In Rio on Thursday, a group of a few dozen members of the CUT (Unified Workers Central), the union confederation that is closest to the ruling Workers Party (PT), was set upon, its members beaten up and its banners torn to pieces.

In Sao Paulo, elements referred to by the media as “nationalists” attacked members of left-wing parties, seizing their flags and banners and burning them in the streets.

The political confusion and the ability of right-wing elements to exploit it is the byproduct of a decade of rule by the Workers Party, a corrupt political machine that falsely claimed to represent the working class, and of the unions’ integration into the state apparatus and betrayal of the struggles of the working class. The unions have played no significant role in the mass protests.

The rollback of the transit fare hikes is aimed at removing the issue that sparked the massive protests across the country. The rollbacks will not ameliorate social conditions. São Paulo and Río de Janeiro authorities made it clear that the profit interests of the private contractors that run the system—and contributed substantially to all the major political parties—are to be protected. In lieu of fare increases, there will be cuts in other programs, including health and education, which benefit workers and the poor.

“We will have to tighten our belts,” declared São Paulo State governor Geraldo Alckmin of the right-wing opposition Party of Brazilian Social Democracy (PSDB). “This is a gesture, an opening,” said a more tightlipped São Paulo’s PT Mayor Fernando Haddad. Haddad threatened to cut education and health care in a city that is home to 21 billionaires. At no time did any of these officials even suggest making the rich pay for these essential services.

According to press reports, the São Paulo mayor, considered a rising figure in the Workers Party, was pressured by Rousseff to suspend the fare increases and had resisted until the last minute. For his part, Río de Janeiro’s mayor Eduardo Paes of the PMDB (Brazilian Democratic Movement Party) warned that the lower transit fares would force the city to cut spending in other areas by $200 million.

Even before the increase in fares, a minimum wage worker in São Paulo or Río was paying over 20 percent of his or her pay just getting back and forth to work each day, in poorly maintained and overcrowded buses and trains, as private operators squeezed millions of reales in profits through cost-cutting and postponed maintenance.

In dollar terms, São Paulo transit fares are the highest in Latin America, even higher than in some US cities.
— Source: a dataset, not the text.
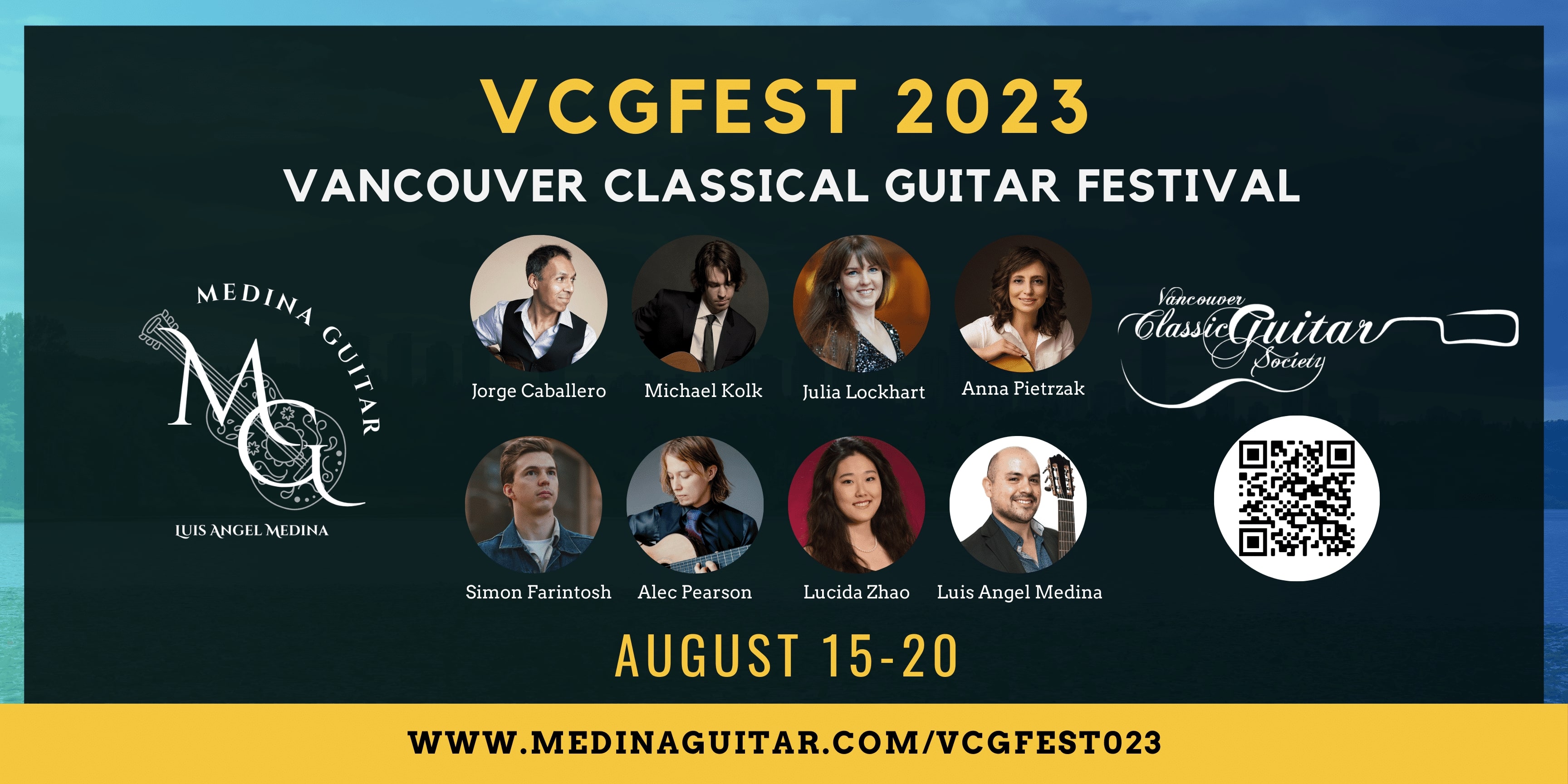 The 2023 Vancouver Classical Guitar Festival is an intimate, intensive learning experience for guitarists of all levels held August 15th-20th in the beautiful setting of the Deer Lake Gallery in Burnaby. VCGFest invites guitarists to immerse themselves in a week of masterclasses, workshops, lectures and guitar orchestra. Participants and music lovers are invited to be inspired by faculty concerts by stellar classical guitarists Jorge Caballero, Michael Kolk, Anna Pietrzak, Simon Farintosh, Alec Pearson and Luis Medina.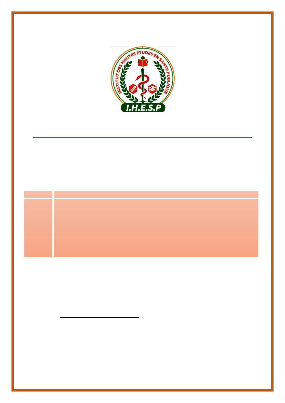 INSTITUT DES HAUTES ÉTUDES EN SANTE PUBLIQUE

In Los Angeles, California, for instance, with average wages that are five times higher than in São Paulo, transit fares ($1.35 per trip) are equal to those in the Brazilian city. Additionally, in this sprawling city of 20 million inhabitants, even better off workers are forced every day to spend hours on public buses and trains, and many pay four fares a day.

The empty concession on transit fares will prove futile. The causes of the anger of Brazilian youth and workers, extreme social inequality combined with an exploding cost of living and an economic slump, have only found their initial and limited expression in the mass protests of the past week. Behind these conditions is the global economic crisis of capitalism which is driving social and political upheavals around the world, from Athens to Cairo, to Istanbul to Madrid, and now to Río and São Paulo and other Brazilian cities.

Rousseff has tried to portray the protests as a symptom of the successes of Workers Party rule. Expectations had risen because “we changed Brazil,” she said. Rousseff added that “citizens were formed that want more and have a right to more.” This claim, echoed in the press, cannot hide the fact that the limited gains made in ameliorating the worst poverty in Brazil have been accompanied by a widening gap between the ruling capitalist layer and the masses of working people.

There is palpable shock within all sections of the ruling establishment and its political representatives over the resulting explosion. The daily Folha de São Paulo declared: “Everything was going so well and suddenly we are replaying Tahrir Square, suddenly, with no warning, no crescendo.”

It was reported Thursday that Rousseff cancelled a scheduled trip to Japan and convened an emergency meeting of her ministers Friday morning to discuss measures to deal with the continuing protests.